Adi Ortiz has been chosen for a great honor---to be one of the few who will colonize Mars. The year is 2065. As part of her training she has to move to Kansas and fortunately she has a long-lost relative not far from the training site, Lily, who is willing to house her during the months preceding the launch.
When Adi moves into Lily's house she discovers a post card mailed in the 1920s which references a tortoise which still lives on the farm over 100 years later. Adi is so intrigued by the cryptic message on the card that she starts investigating about the lives of both the author and the recipient of it. Her investigations uncover a mystery, which unwittingly involves both Lily and Adi.
At this point the story shifts to Kansas in the 1930s when the whole region was experiencing the huge, devastating problem called the Dust Bowl. Catherine, a teen living with her mother and younger sister, writes in her journal about her fears for their safely and for her sister's health. Young children were especially susceptible to a type of pneumonia caused by breathing in all the dust, making the lungs fill with a kind of mud. It was a deadly problem. In her desperation to save her sister, Catherine falls for the claims of a charlatan who promised a complete cure if they would show up at midnight and touch his electrical device. A few days later, their mother, Beth, almost dies in a dust storm. Because of this near miss, she hands Catherine a pile of letters to read. Letters which will change her life.
Once again the point-of-view shifts, this time to 1919 England. Lenore is writing to her friend, Beth, about her sadness after losing her brother in the Great War. She wants to come to America to visit her friend but circumstances are preventing her from traveling.

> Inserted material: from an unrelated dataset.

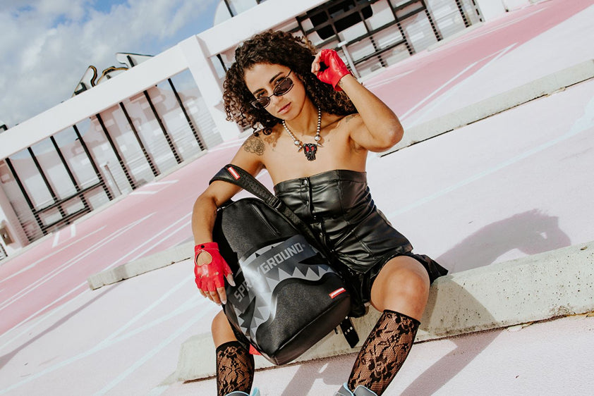 Dimensions: 18" x 6" x 11.5" • Front zipper pocket • Side pockets • Zippered Stash pocket • Separate velour sunglass compartment • Ergonomic mesh back padding • Adjustable Straps for custom sizing • Gold zippers with metal hardware • Metal "Sprayground Authentic" badge • Slide through back sleeve connects to carry-on luggage to free your hands
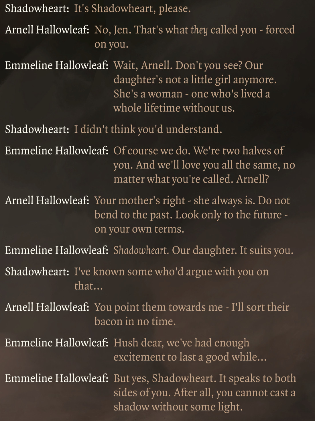 Yes - acknowledging that it would take time and effort to let go of a name she has internalized for 40 years is not a point of contention for anyone. The original point of contention was whether the "You can't cast a shadow without some light" line is cringy and forced, that's all. That Shadowheart is tentatively starting to accept her birth name after six months seems to indicate that Mintharafag was right, in the sense that the line was written more for a punchy effect than to convey true acceptance. It's really not a big deal either way. Shadowheart can get away with somewhat dorky lines, because they add to her charm.

Surprisingly, Galapagos, the elderly tortoise, ties all three of the women together. Each of the girls---Adi, Catherine, and Lenore---fight for their own self determination. They each want a better future for themselves and for their loved ones. And all three of the girls learn that in order to move forward one must be willing to sacrifice something and leave it behind, knowing that love and self-acceptance will move forward with them.
Midnight at the Electric is a treasure. It is one of those books that is both a joy to read and to think about after the last page is finished. Jodi Lynn Anderson, who has published several YA novels already, has certainly hit a home-run with this one. It is interesting historically without being boring. It is thoughtful without being too sentimental. The characters are likable without being cloying or stereotypical. The book has earned six starred reviews and will likely be in the mix when award committees convene in the winter to discuss winners. I recommend it with and an enthusiastic YES!